WHAT THE TASK REQUIRES :: All lines from the one containing "B.Munich, Hoffenheim, Valencia." through the end of the material below are to be printed exactly, both ends included, minus pictures.

DATASET CONTENT ::
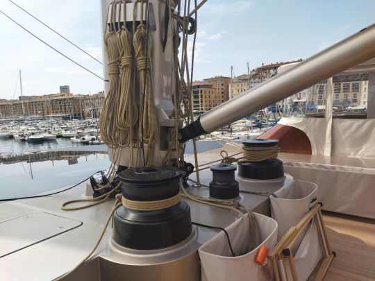 Le mât aile de 50 mètres fabriqué par Lorima peut supporter 1215 m2 de surface de voile et propulse l'ensemble à 12 nœuds dans 15 nœuds de vent réel, sans assistance moteur. L'énergie est complétée par un ensemble photovoltaïque de 65 mètres carrés produisant jusqu'à 200 kWh/jour.
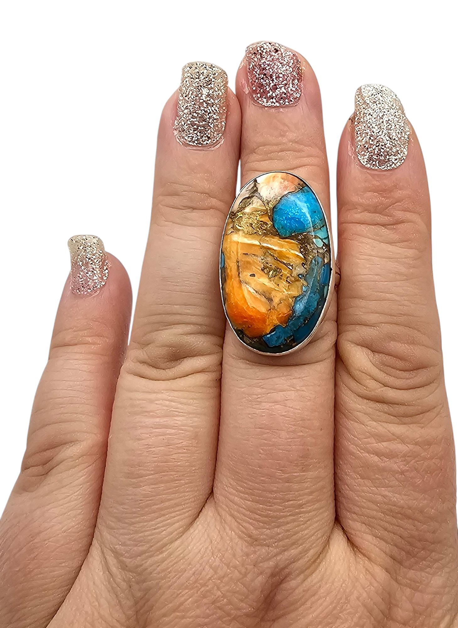 Glass Stone Sterling Silver Ring Size 7.75 7.9 G
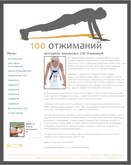 Он сделал из простых и банальных отжиманий, целую методику, название которой «100 отжиманий». Курс рассчитан на шесть недель, у каждого свой уровень и ограничение по возрастам. Оформление у сайта вполне приятное, уютное.
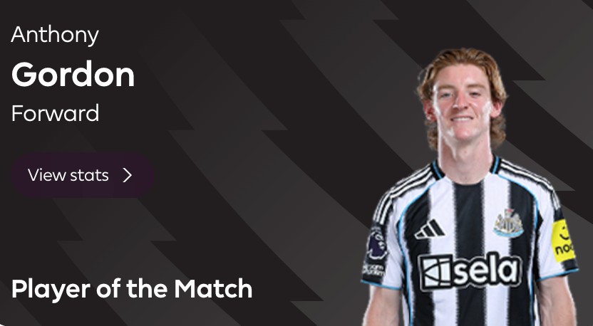 北京时间3月15日,在英超第30轮的比赛中,安东尼-戈登开场18分钟打进的全场唯一进球帮助纽卡斯尔联在客场1-0击败了切尔西,时隔14年再次在联赛中从斯坦福桥球场带走胜利,赛后安东尼-戈登当选英超官方本场比赛的最佳球员。
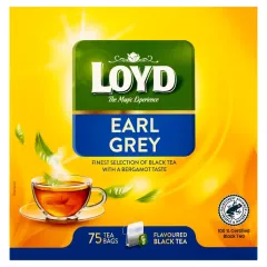 Dane produktowe Loyd Earl Grey Herbata czarna aromatyzowana 127,5 g (75 x 1,7 g) Składniki: mieszanka herbat czarnych*, aromat bergamotowy, *100 % Rainforest Alliance Certified Dodatki Zawiera: Zapachy Marka Loyd Dodatkowe informacje Przechowywanie Najlepiej spożyć...
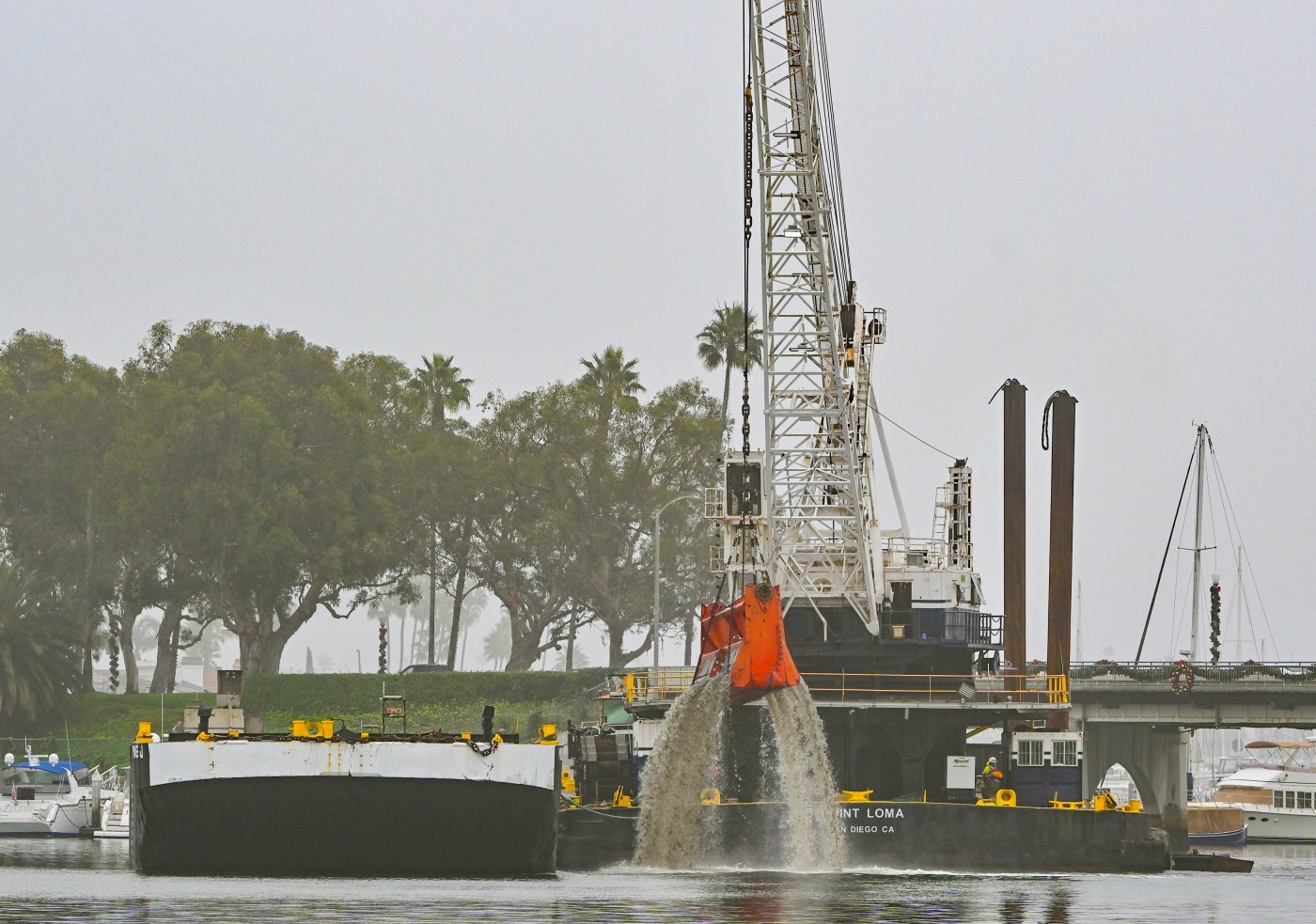 The dredging will not impact the Newport Beach Christmas Boat Parade from Dec. 17 through Dec. 21, officials said. During the parade, the contractor will stop dredging at 4 p.m. and will relocate the dredge barge and equipment to one of the staging areas.
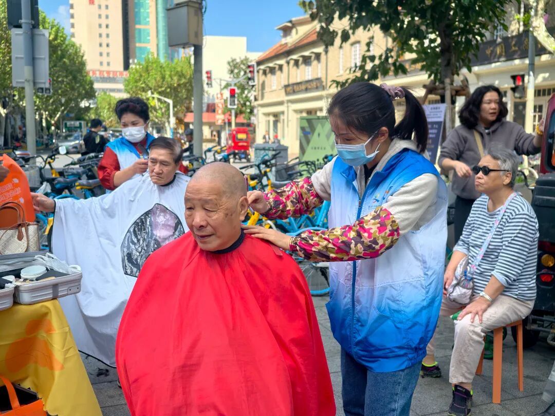 记者在现场看到,集市划分为“共享、乐享、智享、安享”四大特色区域,每个摊位都人气爆棚。共享集市里,理发摊位前大排长龙,理发师们手法娴熟地为老人们修剪头发,82岁的山阴路居民严师傅理完发精神焕发,笑着说道:“这里可以免费剃头,还能跟老邻居们一起挤挤热闹,很开心!”修伞、钟表维修摊位前也围满了居民,家住附近的应老伯拿着刚修好的雨伞喜笑颜开:“家里这把伞骨子断了一直没舍得扔,没想到家门口就能修好,太方便了,这样的集市太实用了!”
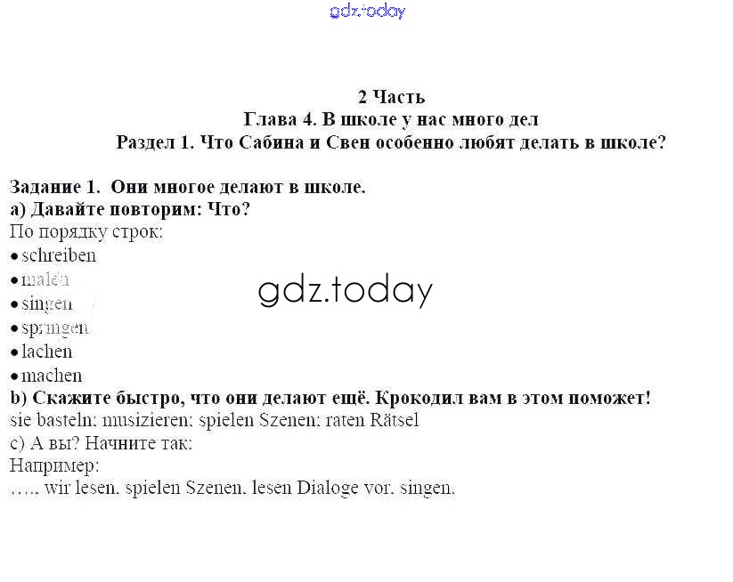 На страницах сайта gdz.today вы найдете учебный и вспомогательный материал, направленный на улучшения знаний школьной программы. ГДЗ - онлайн мир знаний Раздел 1. Что Сабина и Свен особенно любят делать в школе Решение к главе 4. В школе у нас много дел 1 Учебнику по Немецкому языку для 3 класса Бим, Рыжова Просвещение 2014
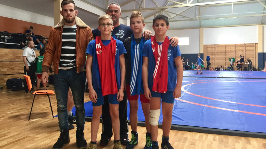 Chlapcom radil a povzbudzoval ich aj úspešný zápasník Jusuf Ahmeti (vľavo). Šamorín reprezentovali Mátyás Szeiler, Marek bartaloš a Jurko Čukan s trénerom Oliverom Oláhom.
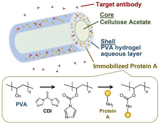 Naganuma, C.; Moriyama, K.; Suye, S.-i.; Fujita, S. One-Step Surface Immobilization of Protein A on Hydrogel Nanofibers by Core-Shell Electrospinning for Capturing Antibodies. Int. J. Mol. Sci. 2021, 22, 9857. https://doi.org/10.3390/ijms22189857
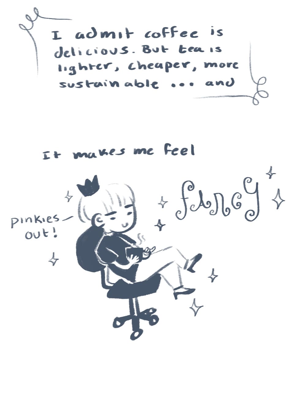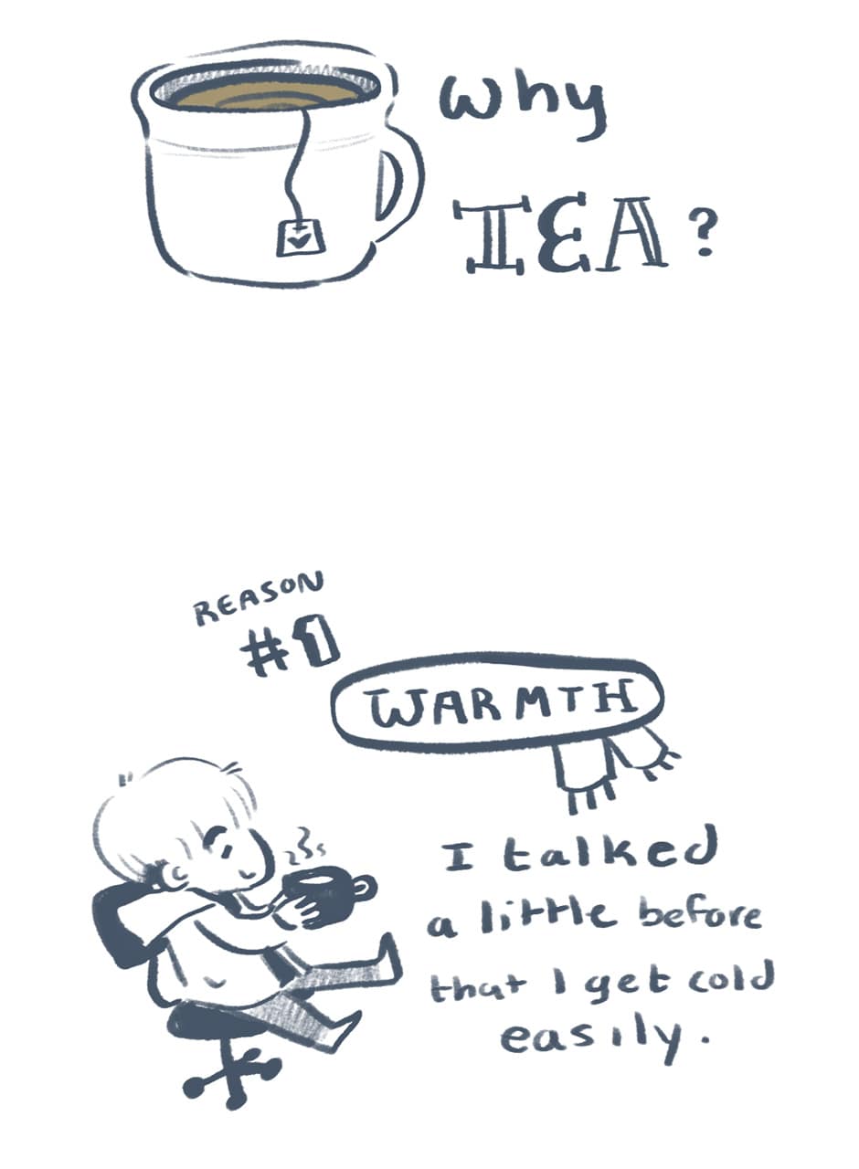 I feel you. I'm also small but I also have bad circulation and depression (both lower body tempature) so the doctors always think I'm sick. Tea is better than coffee because of the variety as well
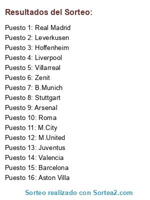 Lista de participantes: Stuttgart, Leverkusen, M.United, Liverpool, Barcelona, Aston Villa, Real Madrid, Arsenal, Juventus, Villarreal, M.City, Zenit, Roma, B.Munich, Hoffenheim, Valencia.
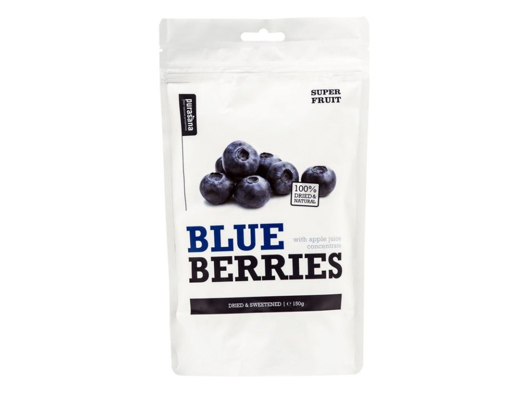 Si tratta di un metodo speciale e delicato, in cui l'alimento viene essiccato gradualmente attraverso diversi passaggi, tra cui un bagno di transizione nel succo di mela, che conferisce a questi frutti una freschezza e un sapore inconfondibili. Parte di questa procedura, che mira a preservare al massimo la quantità di nutrienti, è anche l'utilizzo successivo di una pellicola protettiva a base di olio di girasole (da agricoltura biologica), che impedisce l'eccessiva essiccazione del prodotto e la perdita delle sue proprietà organolettiche ottimali.I mirtilli hanno un sapore tipico e distintivo, numerosi effetti positivi e la capacità di tingersi di blu, aggiungendo così un tocco di colore e sapore ai piatti. I mirtilli Purasana sono molto apprezzati per il loro sapore fruttato.
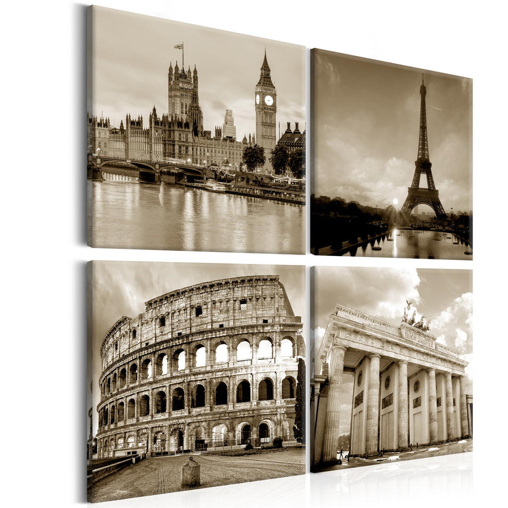 Laat de canvas print "Schilderij - European Capitals" uw woning en de woningen van uw dierbaren veranderen!
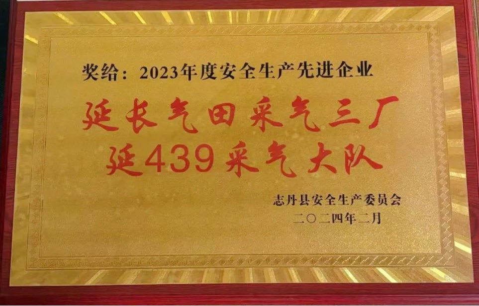 西部决策网讯 近日,从志丹县安全生产委员会传来喜讯,延439采气大队被授予志丹县“2023年度安全生产工作先进企业”荣誉称号。

ANSWER SECTION ::
 Lista de participantes: Stuttgart, Leverkusen, M.United, Liverpool, Barcelona, Aston Villa, Real Madrid, Arsenal, Juventus, Villarreal, M.City, Zenit, Roma, B.Munich, Hoffenheim, Valencia.
 Si tratta di un metodo speciale e delicato, in cui l'alimento viene essiccato gradualmente attraverso diversi passaggi, tra cui un bagno di transizione nel succo di mela, che conferisce a questi frutti una freschezza e un sapore inconfondibili. Parte di questa procedura, che mira a preservare al massimo la quantità di nutrienti, è anche l'utilizzo successivo di una pellicola protettiva a base di olio di girasole (da agricoltura biologica), che impedisce l'eccessiva essiccazione del prodotto e la perdita delle sue proprietà organolettiche ottimali.I mirtilli hanno un sapore tipico e distintivo, numerosi effetti positivi e la capacità di tingersi di blu, aggiungendo così un tocco di colore e sapore ai piatti. I mirtilli Purasana sono molto apprezzati per il loro sapore fruttato.
 Laat de canvas print "Schilderij - European Capitals" uw woning en de woningen van uw dierbaren veranderen!
 西部决策网讯 近日,从志丹县安全生产委员会传来喜讯,延439采气大队被授予志丹县“2023年度安全生产工作先进企业”荣誉称号。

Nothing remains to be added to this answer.